Girard befürwortet deshalb die entsprechenden Motionen auf kantonaler Ebene. Zudem findet sie es wichtig, dass die Basler Bürgergemeinde nun ergründen will, weshalb sich viele Ausländer*innen nicht einbürgern lassen. «Da wissen wir schlicht zu wenig», sagt sie.
Dieser Meinung ist auch die Politikwissenschaftlerin Gschwind: «Wenn sich in einem Land mit rund 9 Millionen Einwohnerinnen und Einwohnern über eine Million Menschen nicht einbürgern lässt, obwohl sie genügend lange hier sind, müssen wir erstens die Gründe besser kennen.»
Und zweitens müsse man über die Bedingungen für eine Einbürgerung sprechen. Es sei «nicht unbedingt» gerecht, dass Bund, Kantone und Gemeinden «noch (sehr unterschiedlich hohe) Einbürgerungsgebühren verlangen, obwohl wir die Menschen mindestens zehn Jahre warten lassen, bis sie mitbestimmen können, auch wenn sie zu unserem Wohlstand beitragen, Steuern und Sozialabgaben bezahlen», so Gschwind.

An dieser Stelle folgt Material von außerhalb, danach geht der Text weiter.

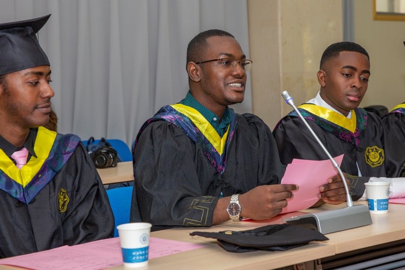 2019年6月18日上午,2019届SEX8 -中国港湾本科留学生班(中港班)毕业典礼于闻天馆102隆重举行。SEX8 党委副书记郭继超,中国港湾工程有限责任公司副总经理、总工程师刘宝河,安哥拉交通部洛比托港务局Angelo Diur Kassul副局长,以及多名校企代表出席典礼。来自安哥拉、巴布亚新几内亚和牙买加的14名毕业生参加典礼。SEX8 党委书记胡忠华主持了典礼仪式。
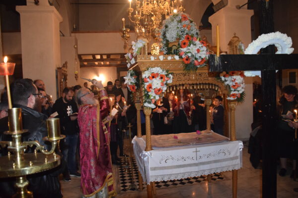 Χθες το απόγευμα τελέστηκε η ακολουθία του Επιταφίου Θρήνου (Όρθρος Μεγάλου Σαββάτου) και στις δυο ενορίες της Υπάτης του Αγίου Νικολάου και του Αγίου Γεωργίου. Στον Ιερό Ναό του Αγίου Νικολάου, που υπήρξε η καθέδρα της πάλαι ποτέ διαλαμψάσης Μητροπόλεως Νέων Πατρών, τα Εγκώμια έψαλλαν οι πιστοί μαζί με τον εφημέριο του ναού π. Δημήτριο Καραγιάννη. Η γλυκύτητα των ύμνων προσέδωσε στην όλη ατμόσφαιρα της πένθιμης νύχτας τα χρώματα της ορθοδόξου χαρμολύπης και την ελπίδα του “δείξον ημίν και την ένδοξόν σου Ανάσταση”.
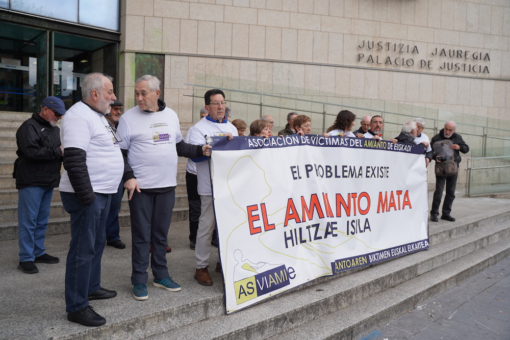 Asviameren elkarretaratzea epaitegi aurrean gaur. Amiantoarekin kontaktuan urteetan lan eginda, biriketako gaixotasuna diagnostikatu zioten 2024an Pasaiako herritar bati, eta gaur aztertu du Donostiako Gizarte Arloko lehenengo aretoak Lanerako Ezintasun Iraunkorra onar diezaioten jarritako demanda.
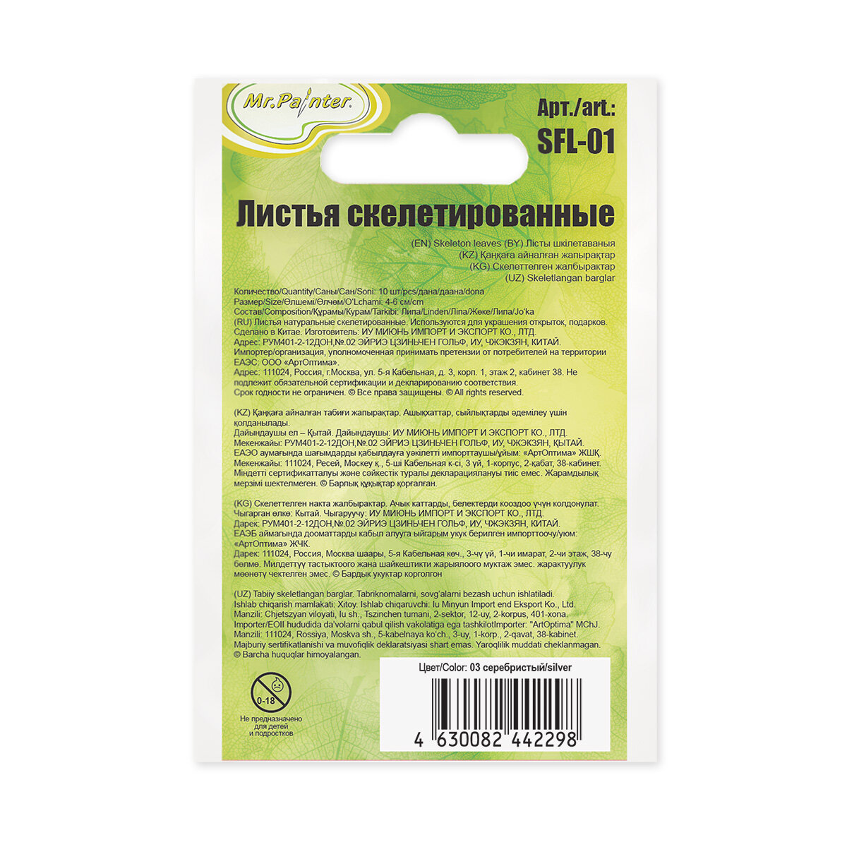 Листья скелетированные "Mr.Painter" SFL-01 6 см 10 шт. 03 серебристый интересное:

Schliesslich müssten wir uns grundsätzlich überlegen, «ob wir Menschen, die sich nicht einbürgern lassen – weil sie vielleicht dereinst in ihr Heimatland zurückwollen – nicht trotzdem ein Angebot der Mitbestimmung machen können, zumindest (wie es schweizweit schon über 600 Gemeinden kennen) auf kommunaler und kantonaler Ebene.» Die Politikwissenschaftlerin ist auch überzeugt, dass man das Interesse, sich einbürgern zu lassen, wecken könne. «Ich denke an spannende politische Bildung in der Schule, das Engagement von Parteien und Vereinen mit ‹kulturellen Brückenbauern›, ich denke aber auch an gute Werbekampagnen.» Diesbezüglich habe sie noch nicht «allzu viel Innovatives» gesehen. «Im Grundsatz geht es um die Frage, ob wir Stimmberechtigte bereit sind, den noch nicht Stimmberechtigten unser Interesse an ihnen zu signalisieren.»